Studio album by Mando Diao
- Released: 23 September 2002 (Sweden) 26 August 2003 (USA)
- Recorded: Sweden, 2001–2002
- Genre: Garage rock
- Length: 37:58
- Label: EMI, Majesty (Europe) Mute Records (USA)
- Producer: Ronald Bood and Mando Diao

Mando Diao chronology
| The Braley Geshmore | Bring 'Em In (2002) | Hurricane Bar (2004) |

Singles from Bring 'Em In
- "Motown Blood"; "Mr Moon"; "The Band"; "Sheepdog"; "Paralyzed";

= Bring 'Em In (Mando Diao album) =

Bring 'Em In is the debut album by the Swedish band Mando Diao, released 2002 in Sweden. In 2003 the album was released as both a CD and an LP internationally, and was well received by critics.

The Japan release of the album adds three bonus tracks, shuffled amongst the original track listing. In 2005, a limited edition of the album was released, adding a second disc of B-sides and demos.

Professional ratings
Review scores
| Source | Rating |
| AllMusic | Star Half star |
| Pitchfork Media | (8.0/10) |

==Singles and EP releases==

The album spawned several singles in Sweden, "Motown Blood", "Mr Moon", "The Band", "Sheepdog" and "Paralyzed." Internationally, "Sheepdog" and "Paralyzed" were selected as the only singles.
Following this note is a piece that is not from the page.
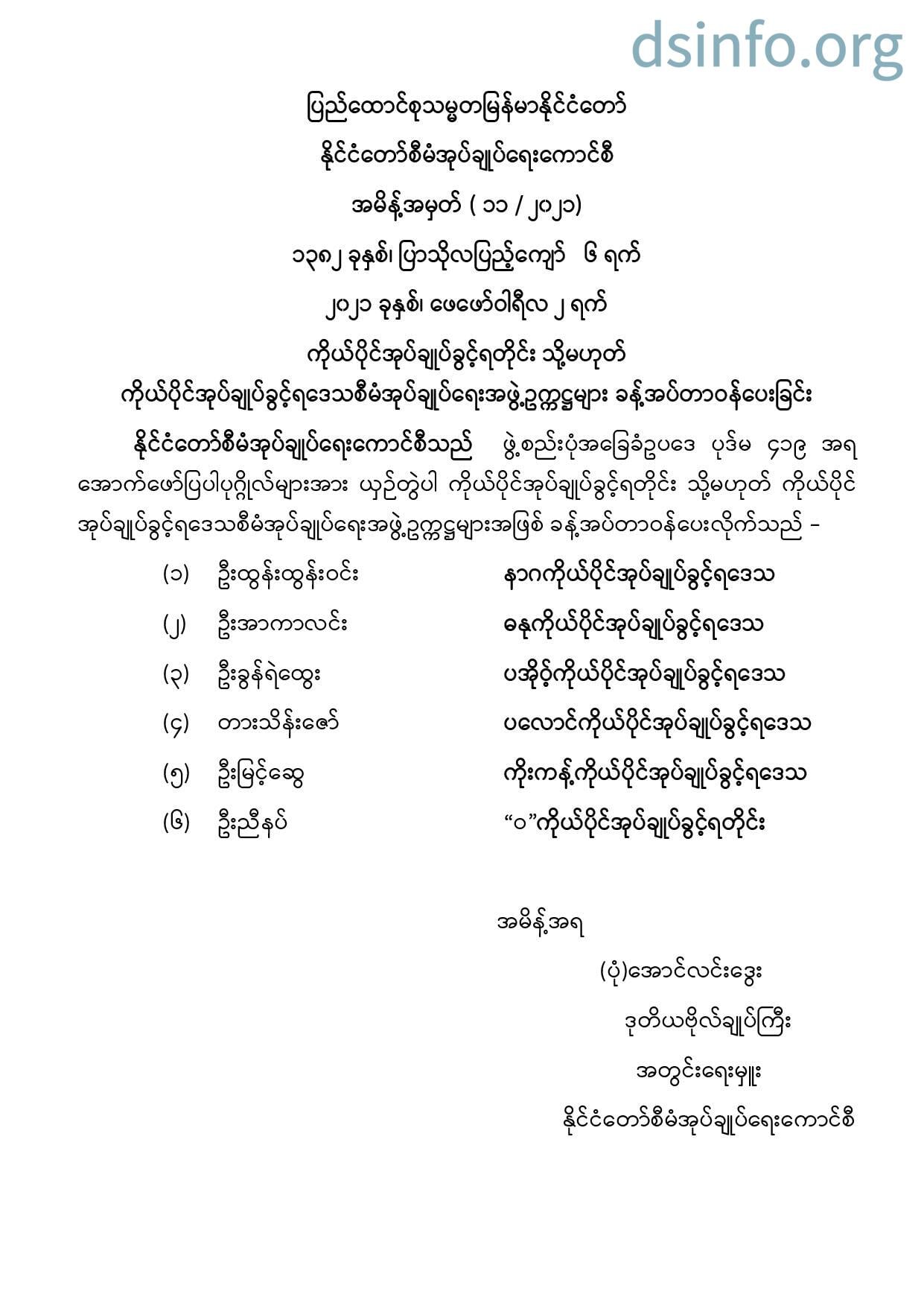 ကိုယ်ပိုင်အုပ်ချုပ်ခွင့်ရတိုင်း သို့မဟုတ် ကိုယ်ပိုင်အုပ်ချုပ်ခွင့်ရဒေသ စီမံအုပ်ချုပ်ရေးအဖွဲ့ဥက္ကဋ္ဌများ ခန့်အပ်တာဝန်ပေးခြင်း 02/02/2021
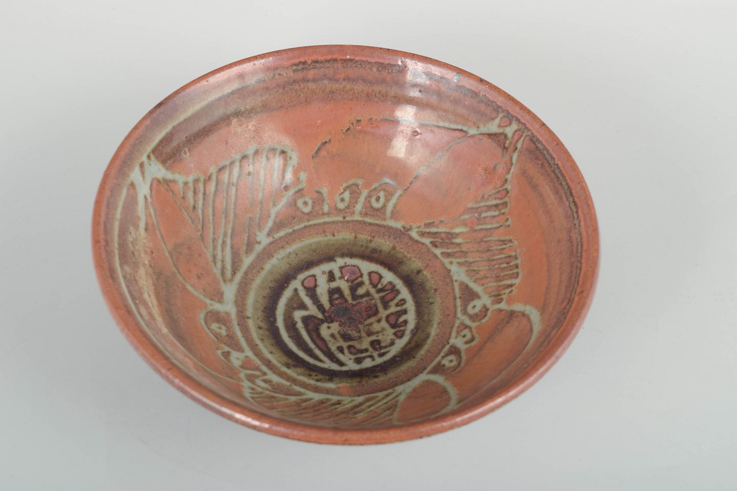Unik skål i kinesisk-inspireret stil med dekorativ relief- og penselmalet dekoration samt rødbrun glasur med lyse kontraster. Signeret.

Motown Blood EP was released in 2002 in Sweden by EMI Music Sweden as the first release from the band Mando Diao. The title track, "Little Boy Jr", and "Lady" later appeared on the band's first album, Bring 'Em In, while "A Picture of Them All" was only included on the Japanese version of the album, as a B-side on the Swedish Paralyzed EP and on the B-side compilation The Malevolence of Mando Diao 2002-2007.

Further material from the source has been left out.